2016 Kuurne–Brussels–Kuurne

Race details
- Dates: 28 February 2016
- Stages: 1
- Distance: 200.7 km (124.7 mi)
- Winning time: 4h 53' 51"

Results
- Winner / Jasper Stuyven (BEL) / (Trek–Segafredo)
- Second / Alexander Kristoff (NOR) / (Team Katusha)
- Third / Nacer Bouhanni (FRA) / (Cofidis)

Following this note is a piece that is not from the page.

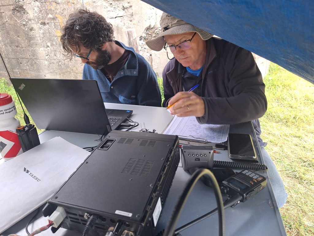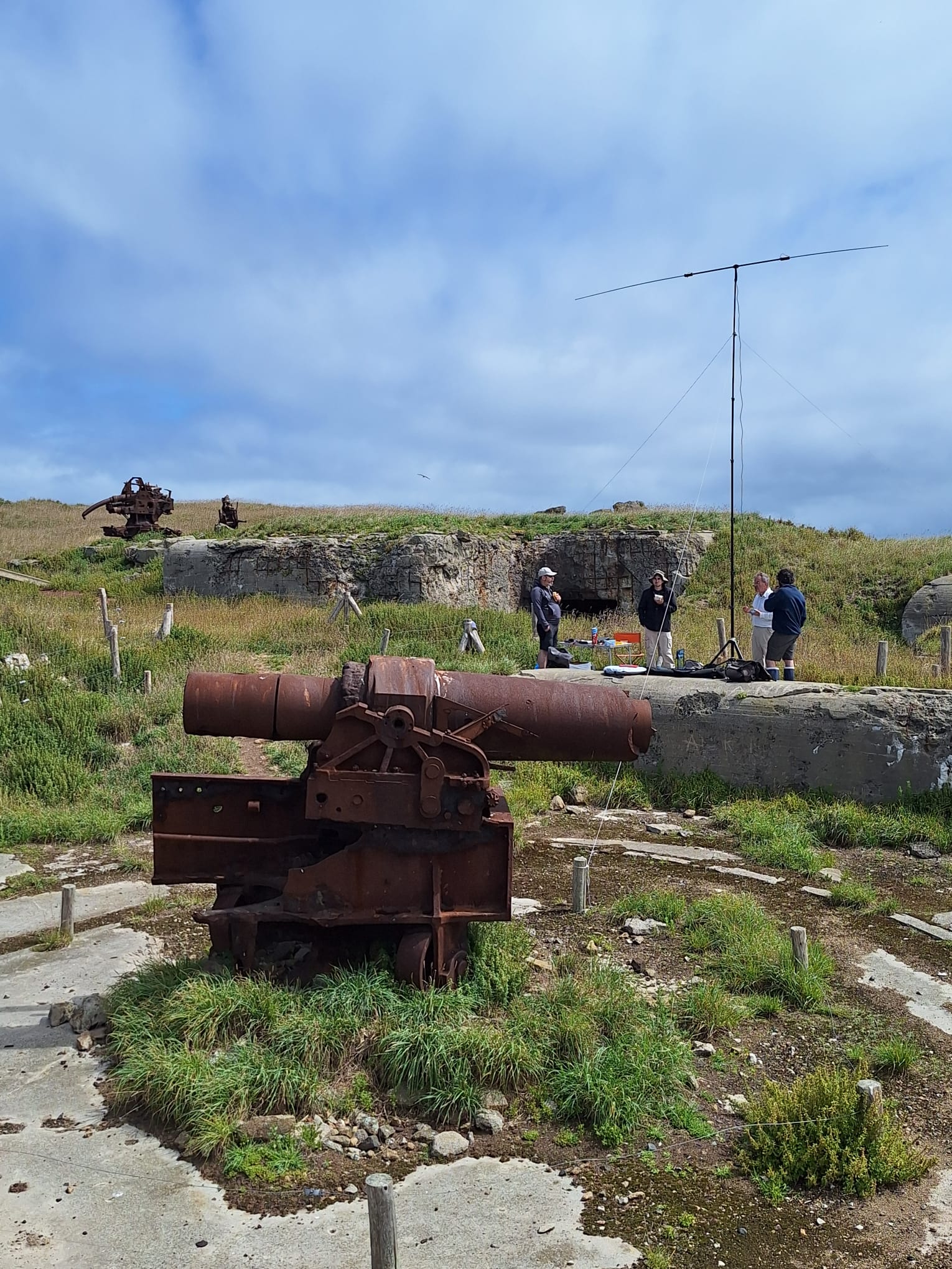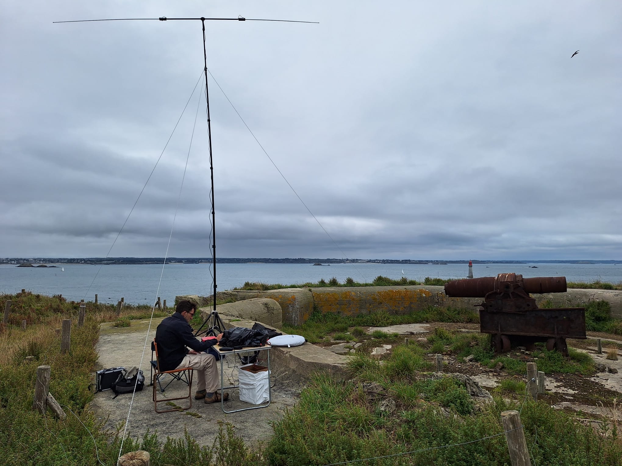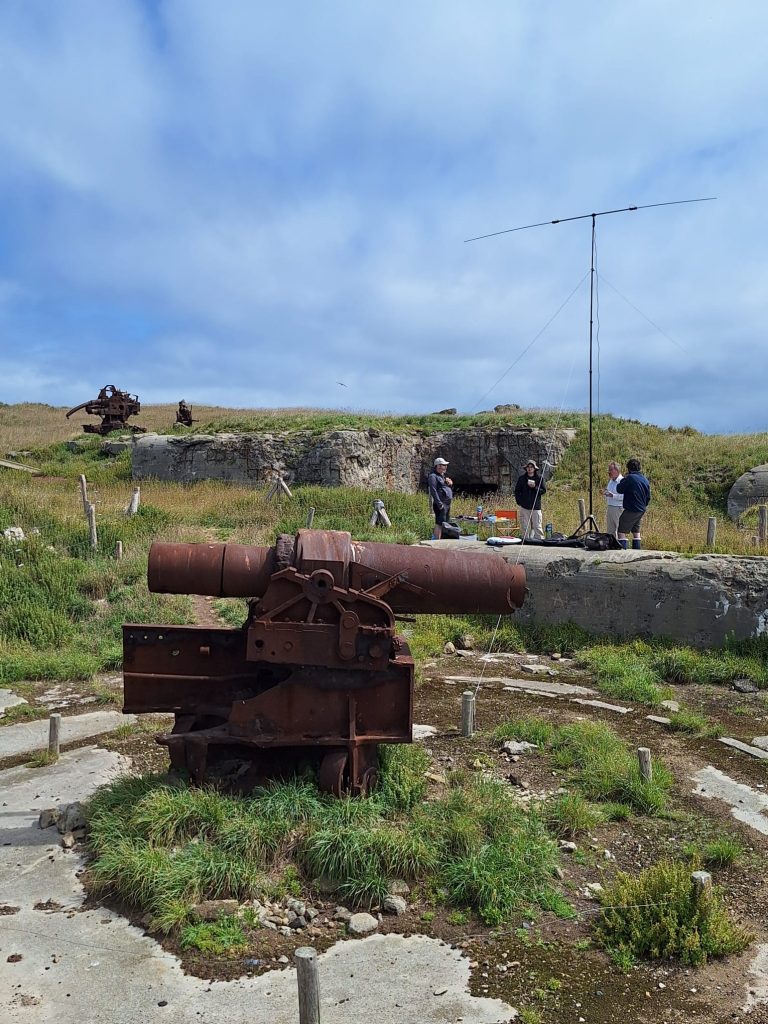 La station du « canon », installée dans le nid de canon 194 mm du sud-ouest, utilisant un « buddipole » monté sur mât portable et un IC-7000.

= 2016 Kuurne–Brussels–Kuurne =

The 68th edition of the Kuurne–Brussels–Kuurne cycling classic was held on 28 February 2016. It was part of the 2016 UCI Europe Tour and ranked as a 1.HC event. It was the second and concluding race of the Belgian opening weekend, the year's first road races in Northwestern Europe, one day after Omloop Het Nieuwsblad.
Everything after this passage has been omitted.